Error of compiling torch.utils.cpp_extension with cuBLAS

Hi, All

I recently encountered a problem when building a customized PyTorch operator using torch.utils.cpp_extension following this tutorial. In my kernel, I call cuBLAS_v2 for GEMM operations. While it can compile without errors. When I import the operator in Python, it crashed, giving me the following message.

test_cuda.cpython-37m-x86_64-linux-gnu.so: undefined symbol: __cudaRegisterLinkedBinary_50_tmpxft_0000403a_00000000_7_test_cuda_kernel_cpp1_ii_7487cc74

However, when I remove all cuBLAS related code in my kernel and recompile it, it can successfully run without any error.

Here are the options I use in my setup file.

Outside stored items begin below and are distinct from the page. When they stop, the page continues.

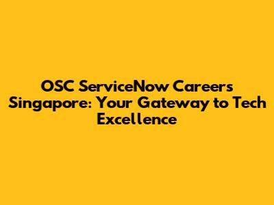 OSC & ServiceNow Careers In Singapore: Your Path To Success
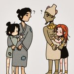 still day 1, modern au i just think baby Anubis deserves 2 dads, as a treat 💚🖤❤️ i drew Osiris's hair based on hints in the manhwa...i guess that it's wavy at least! #enneadweek2022 #ennead #osiseth
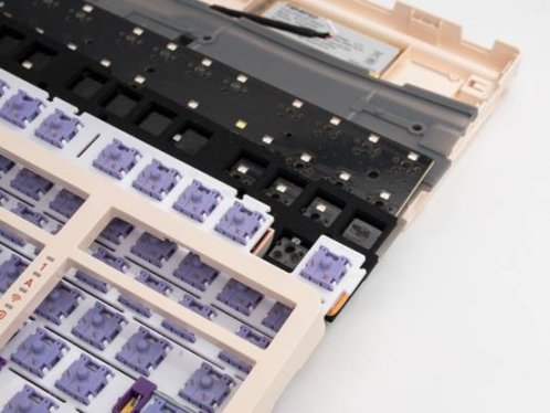 内部采用硅胶Gas结构,定位板材质为白色开槽PC,虽然同是GAS结构但A98青春版的手感并不如使用围栏GAS的A87Pro那样软弹,手感要更偏硬一点。
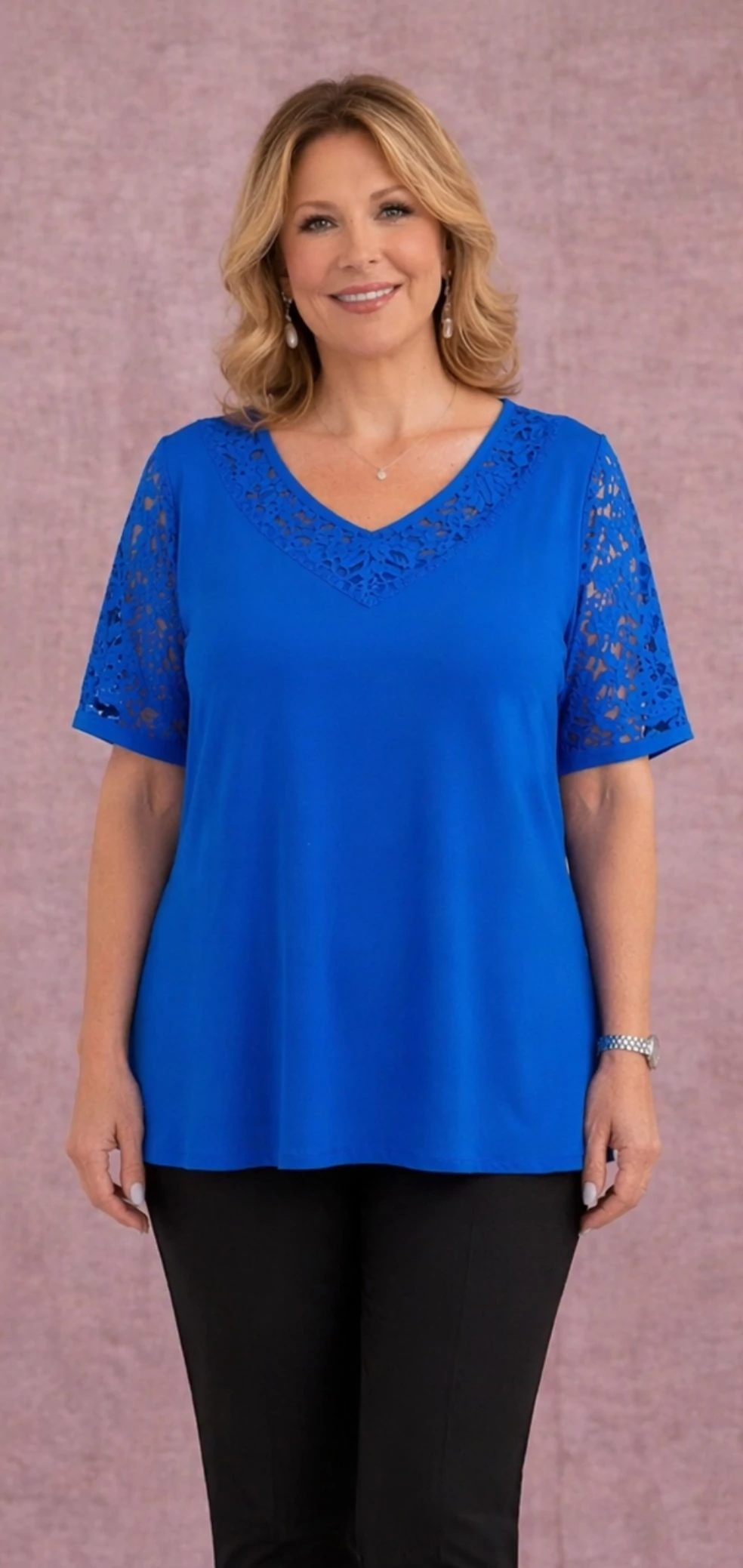 Csipkés ujjú, V-csipke nyakas tunika -KIRÁLYKÉK- 50-60 méret

from setuptools import setup
from torch.utils.cpp_extension import BuildExtension, CUDAExtension

setup(
name=‘rpw’,
ext_modules=[
CUDAExtension(
name=‘rpw_cuda’,
sources=[‘rpw_cuda.cpp’, ‘rpw_cuda_kernel.cu’],
extra_compile_args={‘cxx’: [‘-O3’],
# ‘nvcc’: [‘-lcublas’, ‘-arch=sm_86’, ‘-lcuda’, ‘-lcudart’, ‘-lcudadevrt’]}
‘nvcc’: [‘-rdc=true’, ‘-lcublas’, ‘-lcuda’, ‘-lcublas’ ‘-lcublas_device’ ‘-lcudadevrt’]
}
)
],
cmdclass={
‘build_ext’: BuildExtension
})

Thanks!